One-Dimensional Edge States with Giant Spin Splitting in a Bismuth Thin Film

TL;DR

This paper reports the first experimental observation of a purely 1D band structure with giant Rashba spin splitting in bismuth thin film edges, revealing new opportunities for exploring exotic quantum phenomena in 1D systems.

Contribution

It provides the first direct measurement of 1D band structure and spin properties in a bismuth thin film edge, demonstrating large spin splitting and out-of-plane spin polarization.

Findings

Direct determination of 1D band structure via spin-resolved ARPES.

Observation of large Rashba-type spin splitting in 1D edge states.

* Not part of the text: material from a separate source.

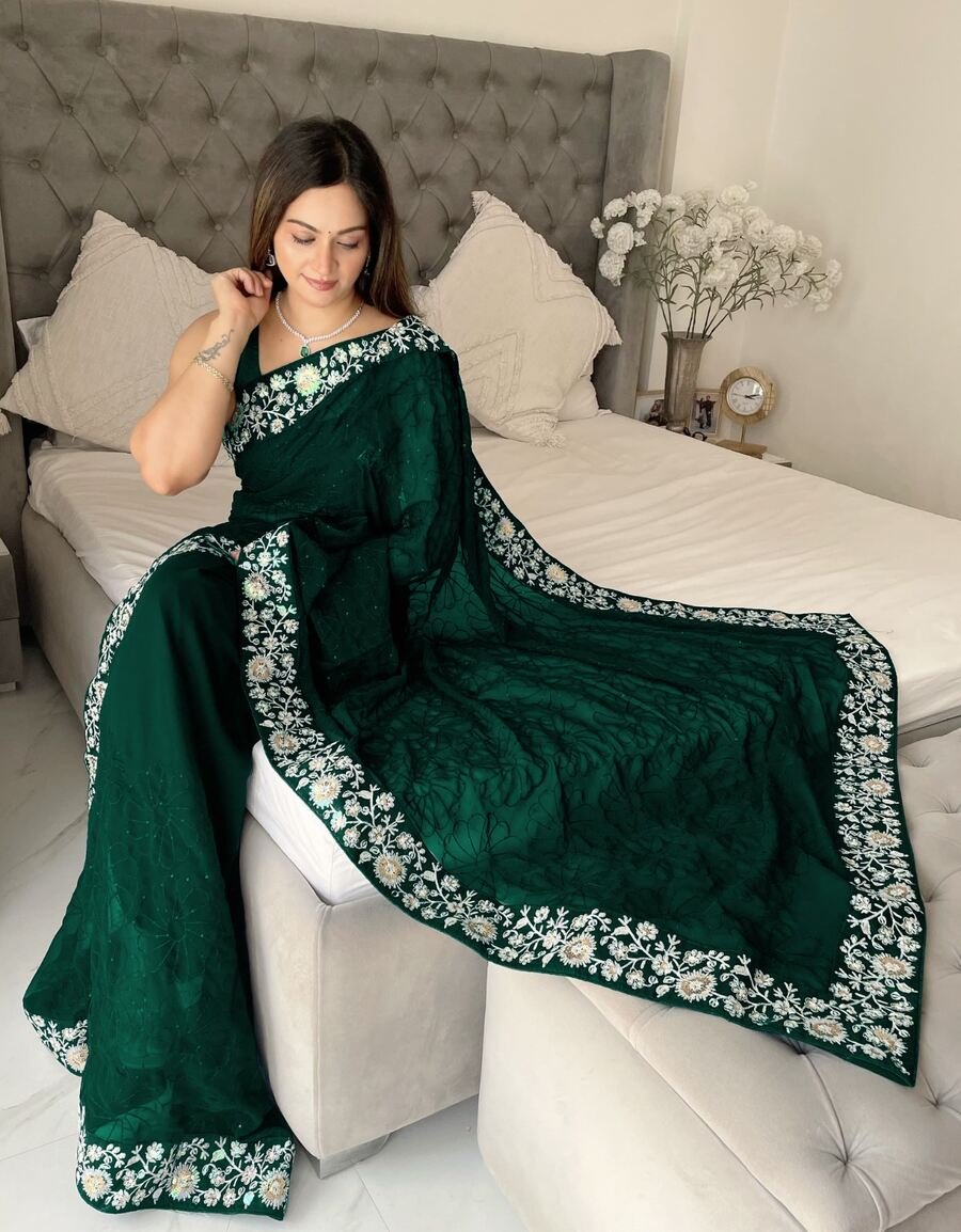 ATTRACTIVE GEORGETTE EMBROIDERY SEQUENCE WORK WITH SEQUENCE LACE SAREE WITH UNSTITCHED BLOUSE GREEN
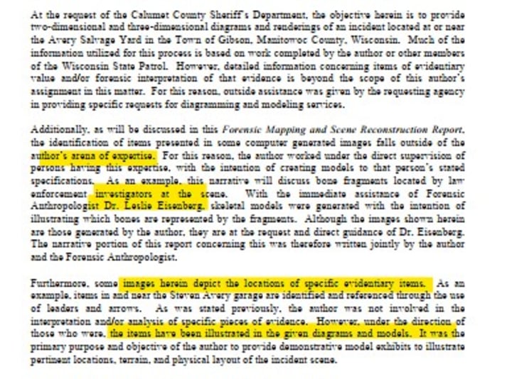 I encourage anyone who hasn’t read this report to do so. Austin explains that he isn’t the one making any conclusions about the evidence and is only providing the images at the request of others. He says the same about the skeletal models that he created depicting the bone fragments with Dr. Leslie Eisenberg. Yet Dr. Eisenberg- the forensic anthropologist who worked with the bone fragments and who never visited the Avery property testified at Steven Avery’s trial that she got her interpretation of the burn pit as being the primary location of the body burning from reading Trooper Austin’s graphic depiction of the scene among other things..

Detection of sizable out-of-plane spin polarization.

Abstract

To realize a one-dimensional (1D) system with strong spin-orbit coupling is a big challenge in modern physics, since the electrons in such a system are predicted to exhibit exotic properties unexpected from the 2D or 3D counterparts, while it was difficult to realize genuine physical properties inherent to the 1D system. We demonstrate the first experimental result that directly determines the purely 1D band structure by performing spin-resolved angle-resolved photoemission spectroscopy of Bi islands on a silicon surface that contains a metallic 1D edge structure with unexpectedly large Rashba-type spin-orbit coupling suggestive of the nontopological nature. We have also found a sizable out-of-plane spin polarization of the 1D edge state, consistent with our first-principles band calculations. Our result provides a new platform to realize exotic quantum phenomena at the 1D edge of the strong spin-orbit-coupling systems.